- [What is being asked] Pictures stay out of the output. Return exactly the lines below from the one with "Mam nadzieję,że to" down to the one with "Семена цветов однолетние", both included, and nothing more.

- [Source records]

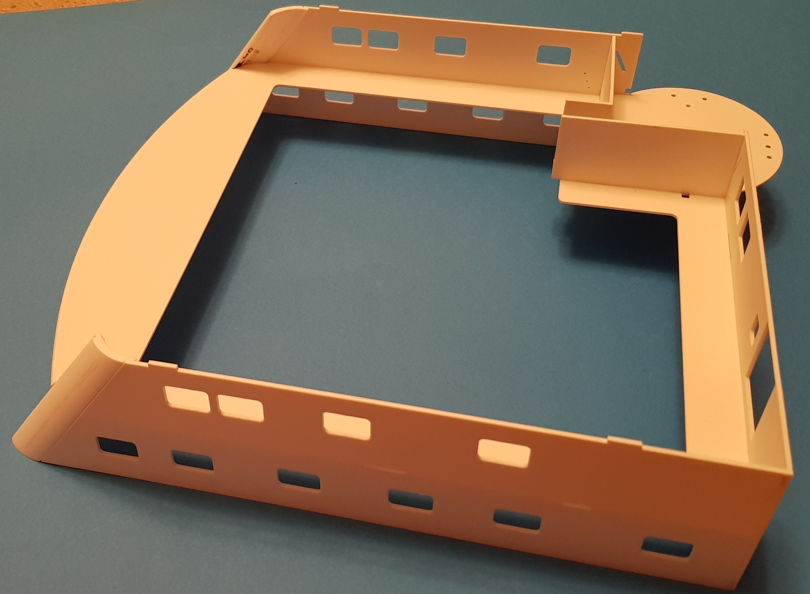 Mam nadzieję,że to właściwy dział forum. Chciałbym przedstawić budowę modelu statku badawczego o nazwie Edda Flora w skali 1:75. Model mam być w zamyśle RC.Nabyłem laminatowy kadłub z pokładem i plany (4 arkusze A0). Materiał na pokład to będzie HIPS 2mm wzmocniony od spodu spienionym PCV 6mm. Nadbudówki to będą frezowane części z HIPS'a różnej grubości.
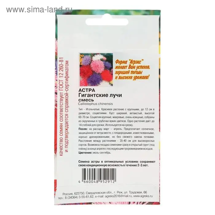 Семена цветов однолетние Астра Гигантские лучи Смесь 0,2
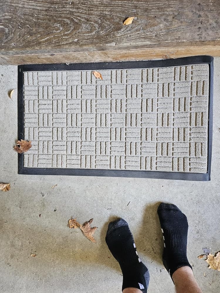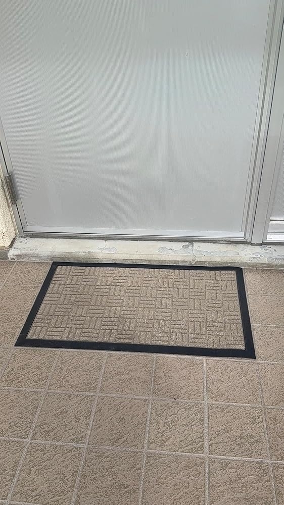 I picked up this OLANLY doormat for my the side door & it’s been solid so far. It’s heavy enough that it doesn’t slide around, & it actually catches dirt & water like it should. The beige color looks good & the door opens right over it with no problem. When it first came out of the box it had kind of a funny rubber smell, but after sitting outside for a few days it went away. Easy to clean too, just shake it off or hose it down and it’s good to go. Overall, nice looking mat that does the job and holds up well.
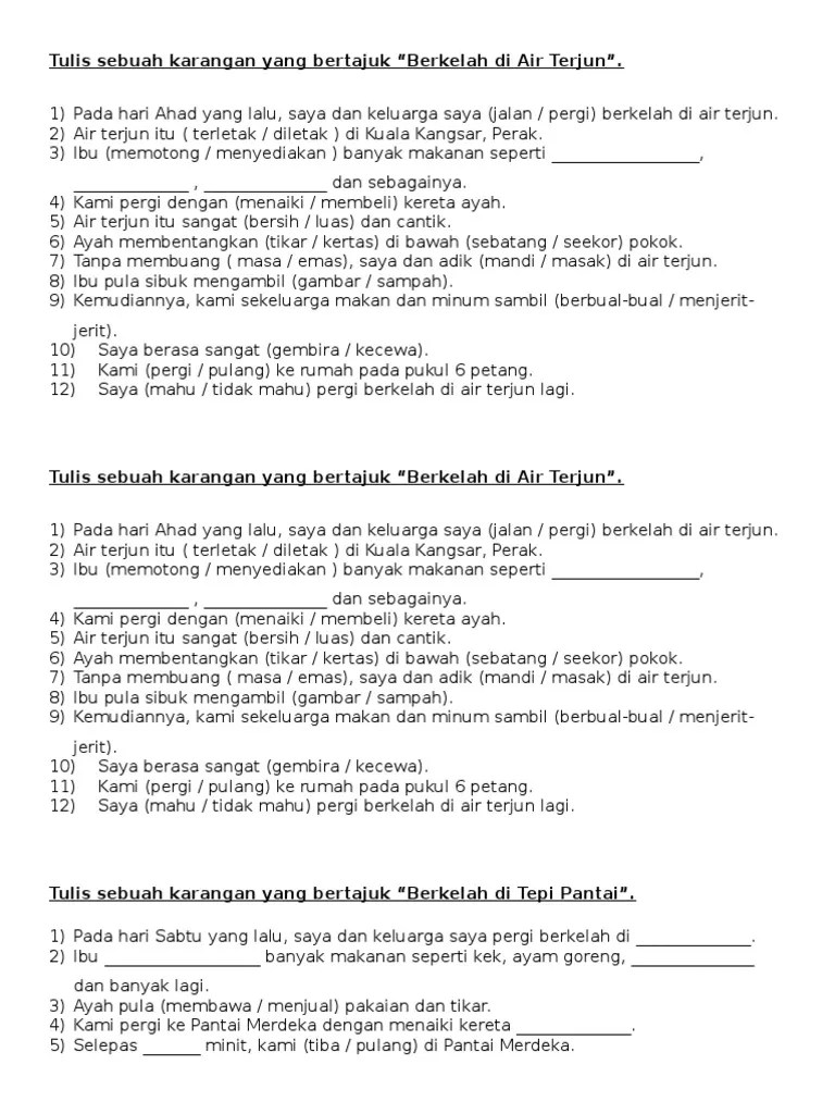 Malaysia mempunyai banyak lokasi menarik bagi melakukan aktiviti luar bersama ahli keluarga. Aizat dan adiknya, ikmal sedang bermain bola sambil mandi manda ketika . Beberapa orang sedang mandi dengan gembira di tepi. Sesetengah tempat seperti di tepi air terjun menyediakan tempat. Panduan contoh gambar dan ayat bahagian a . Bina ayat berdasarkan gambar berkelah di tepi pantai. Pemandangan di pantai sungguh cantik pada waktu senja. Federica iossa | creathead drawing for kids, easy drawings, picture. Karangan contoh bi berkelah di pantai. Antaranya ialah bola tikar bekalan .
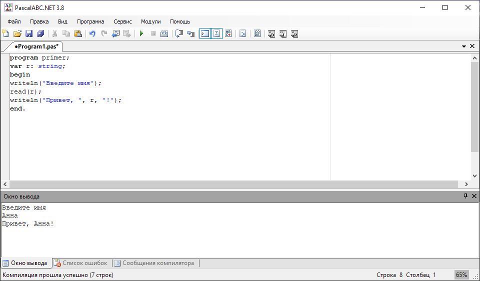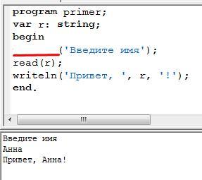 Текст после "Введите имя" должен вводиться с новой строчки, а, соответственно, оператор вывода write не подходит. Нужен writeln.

--

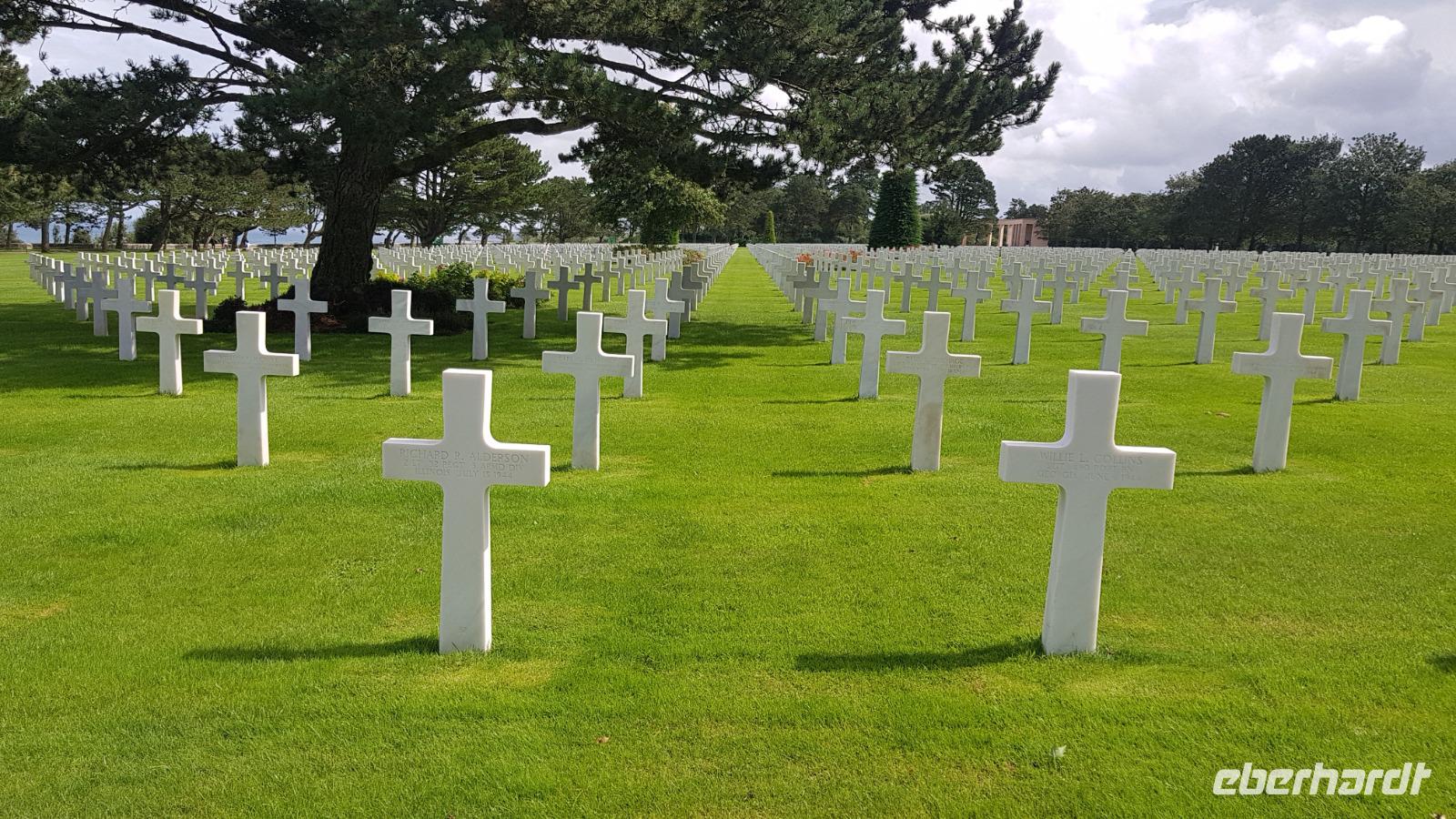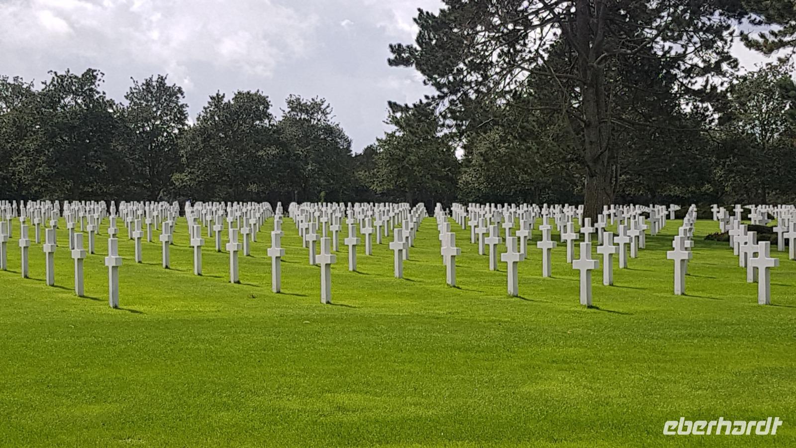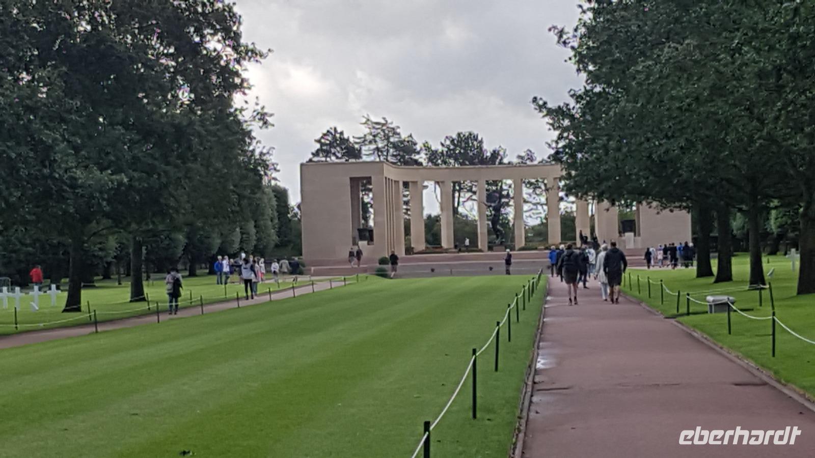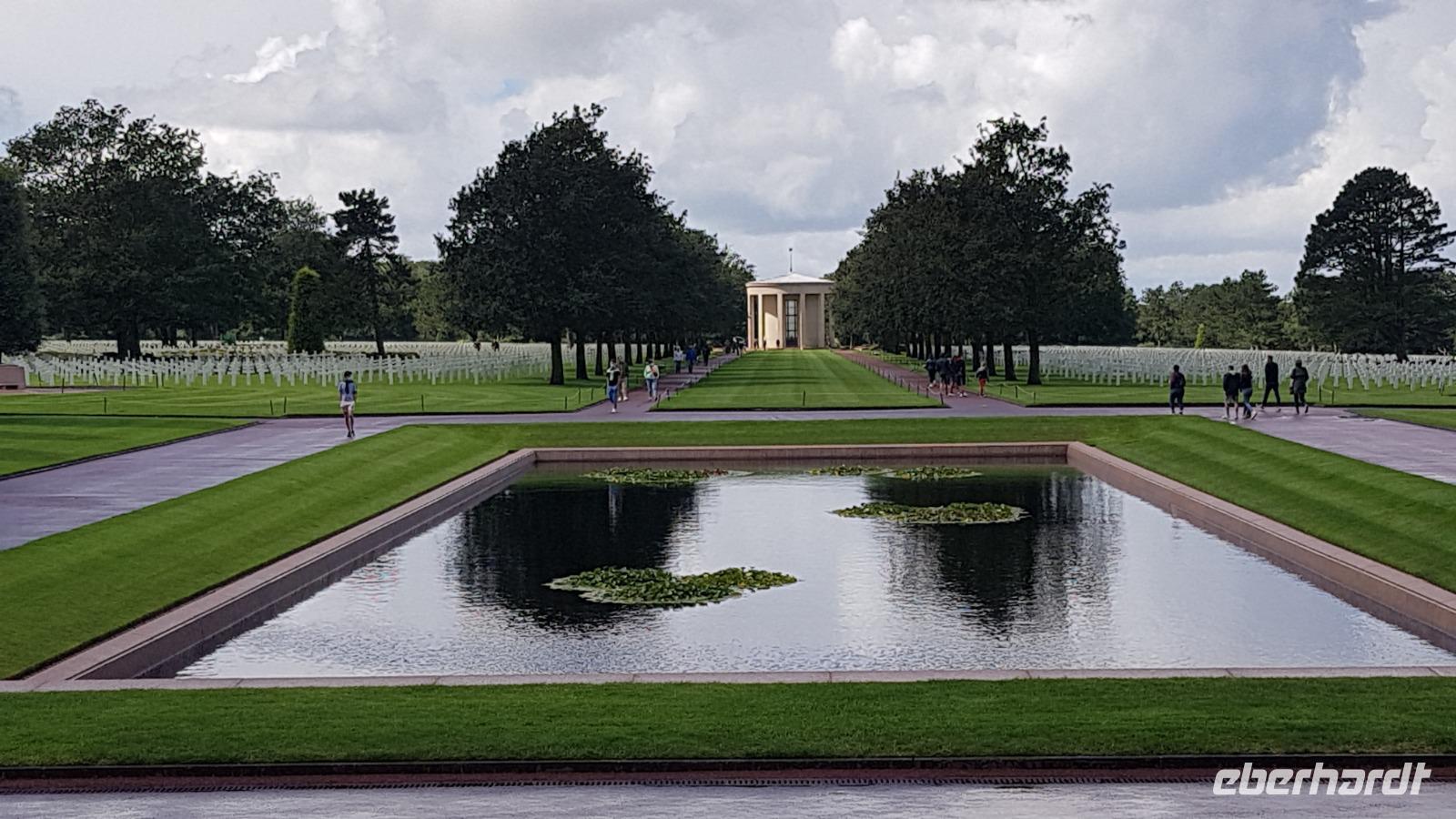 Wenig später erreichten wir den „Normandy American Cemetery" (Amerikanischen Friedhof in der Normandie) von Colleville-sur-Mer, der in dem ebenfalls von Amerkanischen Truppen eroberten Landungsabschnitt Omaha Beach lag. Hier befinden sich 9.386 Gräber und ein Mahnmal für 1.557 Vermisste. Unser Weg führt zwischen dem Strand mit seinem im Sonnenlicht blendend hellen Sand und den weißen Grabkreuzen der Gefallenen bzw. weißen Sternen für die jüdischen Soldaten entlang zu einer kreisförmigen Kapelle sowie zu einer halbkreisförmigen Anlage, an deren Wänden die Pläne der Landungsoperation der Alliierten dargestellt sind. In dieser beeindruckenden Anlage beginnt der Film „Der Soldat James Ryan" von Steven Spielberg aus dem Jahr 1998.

--

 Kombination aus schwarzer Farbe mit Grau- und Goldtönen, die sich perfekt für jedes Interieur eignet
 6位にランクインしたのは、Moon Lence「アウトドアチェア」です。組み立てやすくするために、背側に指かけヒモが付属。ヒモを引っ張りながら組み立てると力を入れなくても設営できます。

- [Your response]
 Mam nadzieję,że to właściwy dział forum. Chciałbym przedstawić budowę modelu statku badawczego o nazwie Edda Flora w skali 1:75. Model mam być w zamyśle RC.Nabyłem laminatowy kadłub z pokładem i plany (4 arkusze A0). Materiał na pokład to będzie HIPS 2mm wzmocniony od spodu spienionym PCV 6mm. Nadbudówki to będą frezowane części z HIPS'a różnej grubości.
 Семена цветов однолетние Астра Гигантские лучи Смесь 0,2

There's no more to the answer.